Occupancy and equipment expenses increased by $165,000 or 9.3% and
communications, postage, and supplies expense increased by $132,000 or 14.6%
during the three months ended September 30, 1999, as compared to the same period
in the previous year. These increases were primarily attributable to general
growth in the number of banking facilities operated by the Corporation, as
previously described, as well as increases in the number of full-time equivalent
employees and in the number of customers served by the Corporation.
ATM and debit card transaction costs increased by $59,000 or 9.9%
during the three months ended September 30, 1999, as compared to the same period
in the previous year.
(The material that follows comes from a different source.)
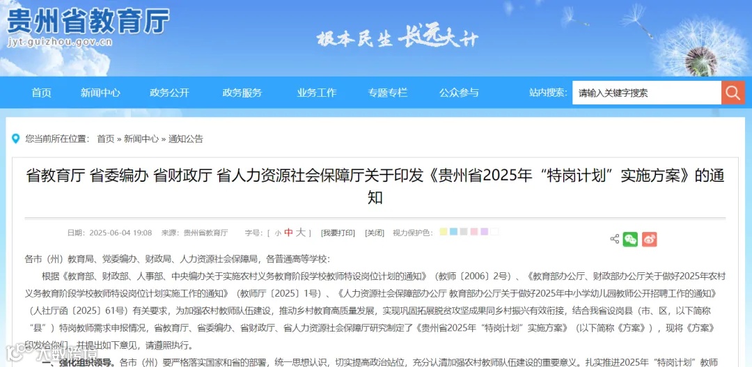 2025年全省计划招聘“特岗计划”教师3173名。其中,中央“特岗计划”3097名,用于招聘农村初中、小学教师;地方“特岗计划”76名,用于招聘农村幼儿园教师。具体各设岗县分学科岗位招聘计划详见《贵州省2025年特岗教师招聘计划表》。

This increase corresponds to an increase in the number of
checking accounts serviced by the Corporation, as previously described, as well
as an increase the number of ATMs operated by the Corporation.
Advertising and marketing expenses increased by $81,000 or 15.9% during
the three months ended September 30, 1999, as compared to the same period in the
previous year. This increase can be attributed to general growth in the number
of banking facilities operated by the Corporation, as previously described, as
well as an increase in the number of market areas serviced by the Corporation.
Also contributing was an increase in contributions to charitable organizations.
Amortization of intangible assets increased by $135,000 or over 100%
during the three months ended September 30, 1999, as compared to the same period
in the previous year. This increase was due to the Corporation's acquisition of
$76.9 million in deposit liabilities from another financial institution during
the fourth quarter of 1998. The Corporation paid a premium of $8.0 million for
the deposits and certain other assets.
Other non-interest expense increased by $156,000 or 13.6% during the
three months ended September 30, 1999, as compared to the same period in the
previous year. This increase was due primarily to increased expenditures for
outside professional services and increased costs associated with forgery,
fraud, and other irregularities in deposit customer accounts. Also contributing
was an increase in check-printing charges associated with customers' checking
accounts, although this increase was principally due to a change in accounting
for such costs. Before 1999, such costs were netted against the commission
revenue received from the Corporation's third-party check supplier.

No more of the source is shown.